Nutrient Comparison: Baked White Potatoes VS Potato Skin per 14 oz
Compare the macro and micronutrient content in 14 oz of Baked White Potatoes versus 14 oz of Potato Skin to make informed dietary choices. Explore their nutritional differences and benefits.
Lets compare vitamin content per 14 ounces of Baked White Potatoes vs Potato Skin:
- 14 ounces of Baked White Potatoes have 2.3 times more Vitamin B1, 1.5 times more Vitamin B3, 1.3 times more Vitamin B5 and 2.2 times more Vitamin B9 than Potato Skin.
- Both Baked White Potatoes and Potato Skin provide similar amounts of Vitamin B2, Vitamin B6 and Vitamin C per 14 ounces.
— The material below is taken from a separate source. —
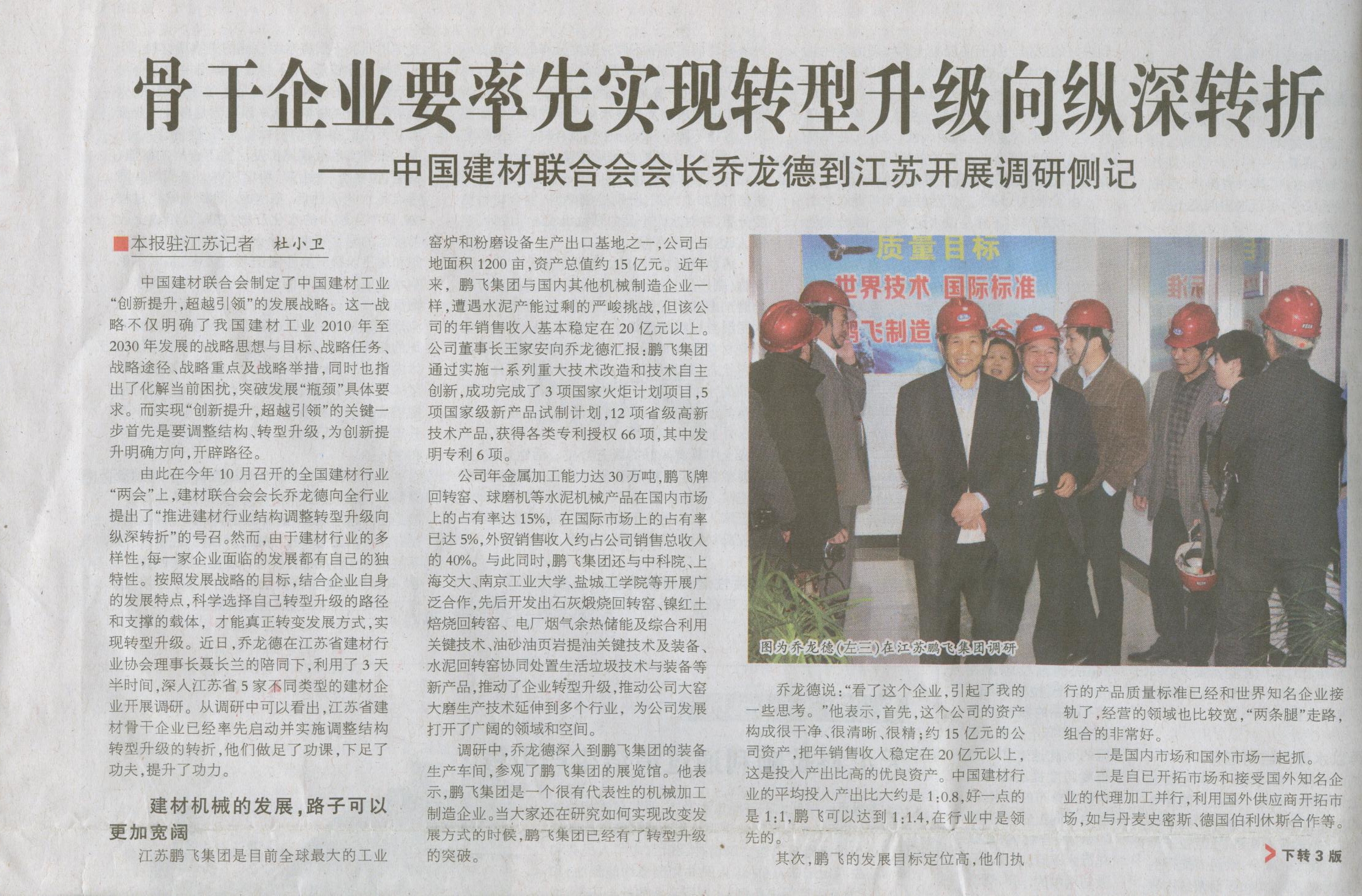 骨干企業(yè)要率先實(shí)現(xiàn)轉(zhuǎn)型升級(jí)向縱深轉(zhuǎn)折——中國(guó)建材聯(lián)合會(huì)會(huì)長(zhǎng)喬龍德到江蘇開展調(diào)研側(cè)記

- 14 ounces of Potato Skin have insufficient amounts of Vitamin B1
- Both Baked Whole White Potatoes as well as Raw Potato Skin have insufficient amounts of Vitamin A, Vitamin B12 and Vitamin D in 14 ounces.
Comparing minerals per 14 ounces for Baked White Potatoes vs Potato Skin:
- 14 ounces of Baked White Potatoes have 2 times more Phosphorus and 1.3 times more Potassium than Potato Skin.
- While 14 oz of Raw Potato Skin contain 3 times more Calcium, 3.3 times more Copper, 5.1 times more Iron and 3.2 times more Manganese than Baked Whole White Potatoes.
- Both Baked White Potatoes and Potato Skin contain similar levels of Magnesium, Zinc and Water per 14 ounces.
- 14 ounces of Baked White Potatoes lack sufficient amounts of Calcium
- Both Baked Whole White Potatoes as well as Raw Potato Skin lack sufficient amounts of Selenium in 14 ounces.
Comparison of macro-nutrients per 14 ounces:
- 14 ounces of Baked White Potatoes have 1.6 times more Energy and 1.7 times more Carbohydrate than Potato Skin.
- Both Baked White Potatoes and Potato Skin offer comparable quantities of Fiber and Protein per 14 ounces.
- Both Baked Whole White Potatoes as well as Raw Potato Skin provide inadequate amounts of Omega 3 and Omega 6 in 14 ounces.